CHARLOTTE COUNTY, Fla. - It's a warning for anyone with a phone.  The Charlotte County Sheriff's Office tells us the person on the other end may not be interested in your conversation, but your money. If you're not careful, you could lose thousands of dollars.

The phone rings. You're not home, so the caller leaves you an urgent message. That's exactly what they were hoping for.

Bob Carpenter, Charlotte County Sheriff's Office Spokesperson explained they may leave a variety of messages including, "'Grandma, I'm in trouble,' that's one way. Or, 'you've just won the lottery,' which is the biggest scam in the world, or 'there's a debt here, and you've got to get this cleared up or else.'"

The number they leave will include a 3-digit area code like 809, 284, or 876, so you might think it's domestic. But it's not. It's actually from the Dominican Republic, British Virgin Islands, or Jamaica.

If you unknowingly call back, they'll try to keep you on the line as long as possible, or maybe even put you on hold. The longer you're on the line, the more of your money they'll get away with. Think of like a psychic hotline that charges $4.99 minute.

"Some people may wait and wait and they get put on hold so long, talk to this person and that person, it's all a setup, and it's hundreds, if not thousands," Carpenter said. "We had one that was $2,400."

It's a not-so-nice surprise to find when you open your phone bill. Scammers are ringing phones all around Florida because of it's proximity to the Caribbean. The FCC said they're even calling cell phones. So how can you protect yourself? Do anIn search for the number. Often common phone scams will come up.

AT&T advises consumers to always check the location of unfamiliar area codes before dialing, or visit www.consumer.att.com to check the number.

"That person on the other end by the minute is charging you, and it goes into their pocket, not the phone company's," Carpenter said. "Do your homework first before you call them back."

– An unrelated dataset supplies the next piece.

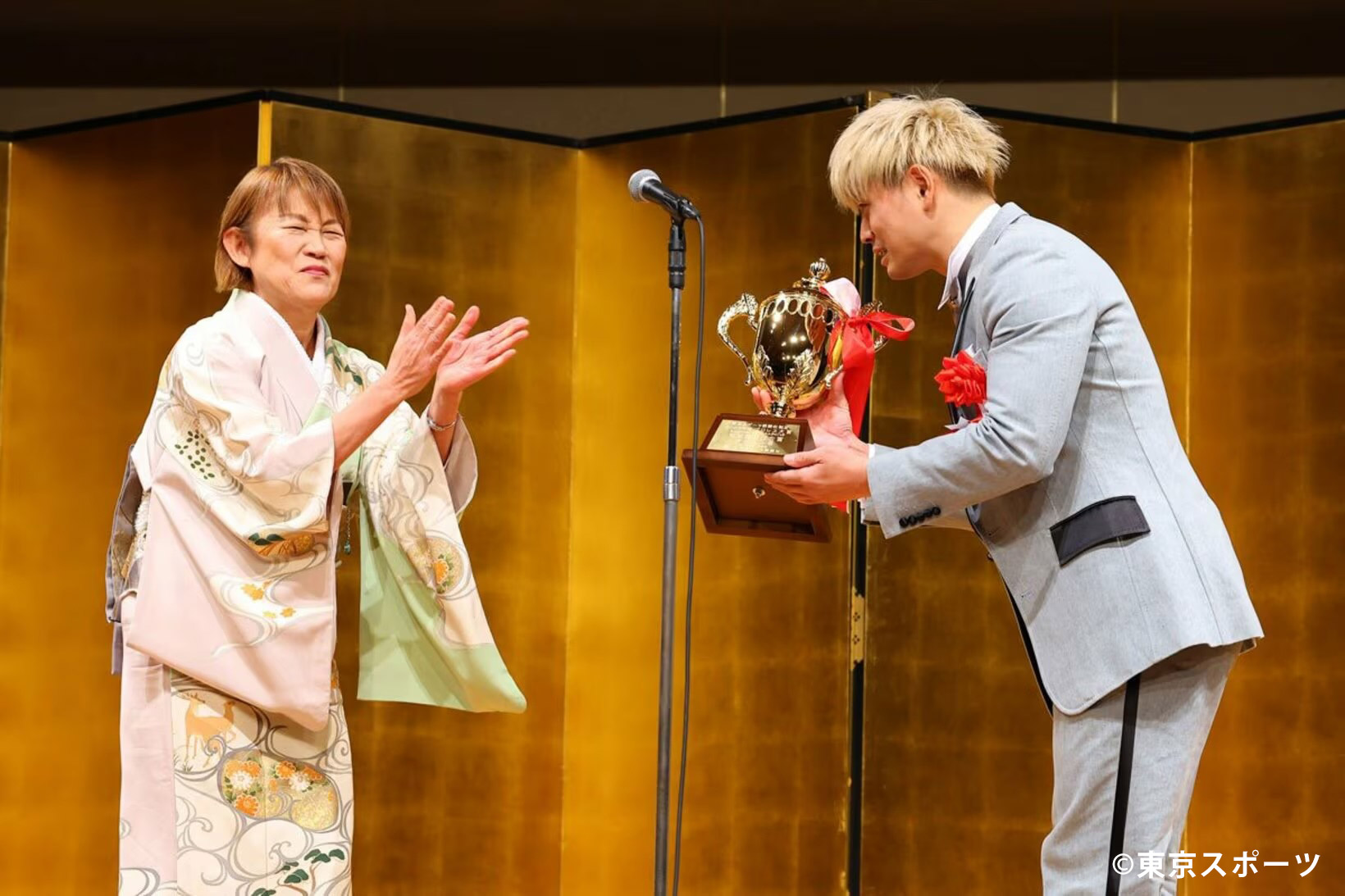 昨年に続き山田邦子さんから表彰状、トロフィーを授与された清宮は、今年はMVPを狙うと宣言。一方のOZAWAは、東京スポーツ新聞社社長から受け取った目録をその場で確かめる無作法っぷりで、コメントもOZAWA節全開で会場を後にしました。

Detectives said the area code exchanges mentioned are legitimate, but you should only return calls to family and friends at numbers you are familiar with that live outside the country. If you believe you have been scammed, contact the carrier that charged the amount to your phone bill. If that doesn't resolve the problem, contact AT&T to work with you and the carrier to help remove fraudulent charges from your phone bill. Or, you can file a complaint online with the Federal Communications Commission about this or related phone scams.